7. For evaluation research on the effectiveness of a program or policy:

a. How does the researcher estimate the program effect? In declining order of rigor, these are:

i. True experiments that randomly allocate individuals or other units like communities into treatment or control groups.

ii. Quasi-experimental designs that have nonrandom treatment and control groups and measure outcomes before and after the treatment intervention begins. Does the researcher document whether systematic differences exist between treatment and control groups? If there are differences, what steps does the researcher take to take account of these?

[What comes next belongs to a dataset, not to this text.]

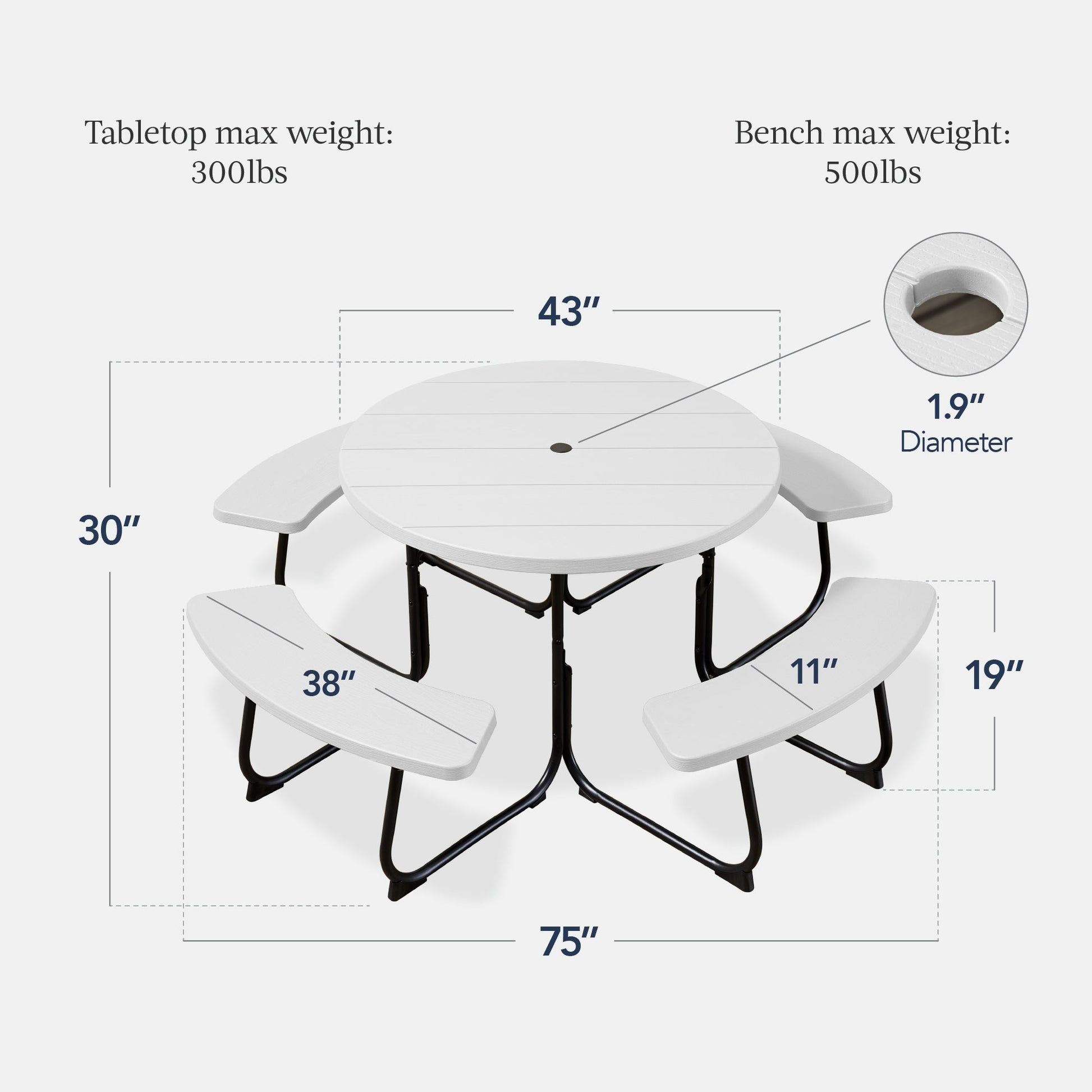8-Person Circular Picnic Table w/ Umbrella Hole, 4 Benches

iii. Quasi-experimental designs that either measure participants before and after the treatment but do not have a control group or measure treatment and control groups only after intervention. For participant-only pre/post designs, are there other factors such as aging or a major event like a terrorist attack that could also explain the results? For treatment and control post-only designs, does the researcher model the characteristics of the groups and control for them when analyzing outcomes.

iv. Treatment-only post-only designs that ask retrospective questions about attitudes and behavior. Are the events being recalled memorable? Is there a reason to believe that respondents may have recall errors, like telescoping events?

v. Treatment-only post-only designs that ask about program satisfaction and self-perceptions of program effect. These are very weak.

b. Does the researcher generalize about the program’s effect beyond the type of people who actually participated? For instance, does a study of a program of outreach to intermarried Reform synagogue members claim that the program will work for all intermarried families? Is this a reasonable assumption?